=== Information provided ===
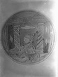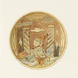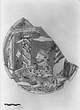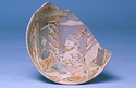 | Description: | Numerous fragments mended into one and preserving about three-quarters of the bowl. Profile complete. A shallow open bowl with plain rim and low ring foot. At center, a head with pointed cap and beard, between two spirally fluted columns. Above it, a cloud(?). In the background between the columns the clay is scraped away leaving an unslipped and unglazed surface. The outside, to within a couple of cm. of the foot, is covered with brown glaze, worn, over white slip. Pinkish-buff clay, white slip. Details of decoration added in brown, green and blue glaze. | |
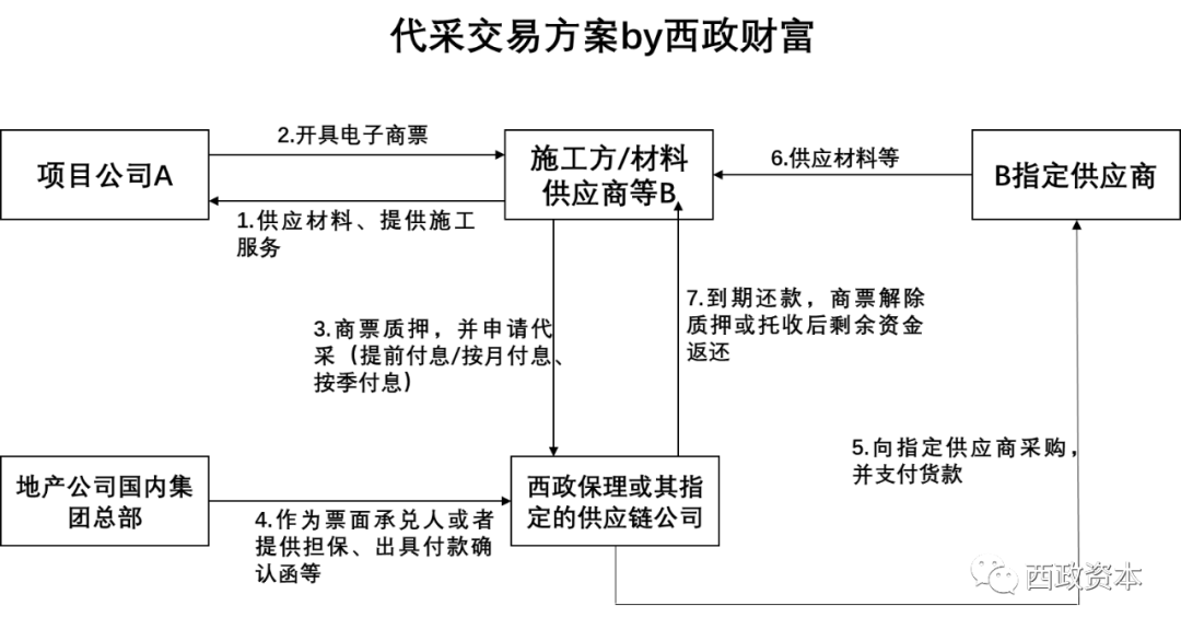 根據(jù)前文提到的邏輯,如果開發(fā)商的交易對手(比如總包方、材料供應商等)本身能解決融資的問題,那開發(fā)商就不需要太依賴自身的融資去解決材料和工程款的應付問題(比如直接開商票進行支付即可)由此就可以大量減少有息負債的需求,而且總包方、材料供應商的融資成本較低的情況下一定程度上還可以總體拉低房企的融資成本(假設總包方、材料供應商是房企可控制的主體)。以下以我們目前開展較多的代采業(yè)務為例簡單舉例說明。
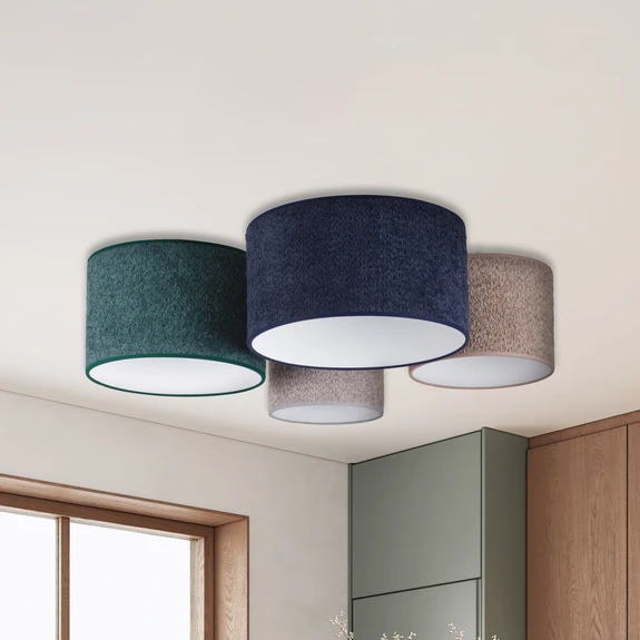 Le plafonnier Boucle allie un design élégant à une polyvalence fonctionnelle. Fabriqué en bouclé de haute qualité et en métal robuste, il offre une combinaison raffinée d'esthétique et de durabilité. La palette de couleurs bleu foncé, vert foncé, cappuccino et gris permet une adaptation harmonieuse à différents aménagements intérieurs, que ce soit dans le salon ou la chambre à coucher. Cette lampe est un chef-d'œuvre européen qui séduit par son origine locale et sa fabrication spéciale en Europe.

=== Task ===
Please print the data above once more, exactly and without images.

=== Exercise solution ===
 | Description: | Numerous fragments mended into one and preserving about three-quarters of the bowl. Profile complete. A shallow open bowl with plain rim and low ring foot. At center, a head with pointed cap and beard, between two spirally fluted columns. Above it, a cloud(?). In the background between the columns the clay is scraped away leaving an unslipped and unglazed surface. The outside, to within a couple of cm. of the foot, is covered with brown glaze, worn, over white slip. Pinkish-buff clay, white slip. Details of decoration added in brown, green and blue glaze. | |
 根據(jù)前文提到的邏輯,如果開發(fā)商的交易對手(比如總包方、材料供應商等)本身能解決融資的問題,那開發(fā)商就不需要太依賴自身的融資去解決材料和工程款的應付問題(比如直接開商票進行支付即可)由此就可以大量減少有息負債的需求,而且總包方、材料供應商的融資成本較低的情況下一定程度上還可以總體拉低房企的融資成本(假設總包方、材料供應商是房企可控制的主體)。以下以我們目前開展較多的代采業(yè)務為例簡單舉例說明。
 Le plafonnier Boucle allie un design élégant à une polyvalence fonctionnelle. Fabriqué en bouclé de haute qualité et en métal robuste, il offre une combinaison raffinée d'esthétique et de durabilité. La palette de couleurs bleu foncé, vert foncé, cappuccino et gris permet une adaptation harmonieuse à différents aménagements intérieurs, que ce soit dans le salon ou la chambre à coucher. Cette lampe est un chef-d'œuvre européen qui séduit par son origine locale et sa fabrication spéciale en Europe.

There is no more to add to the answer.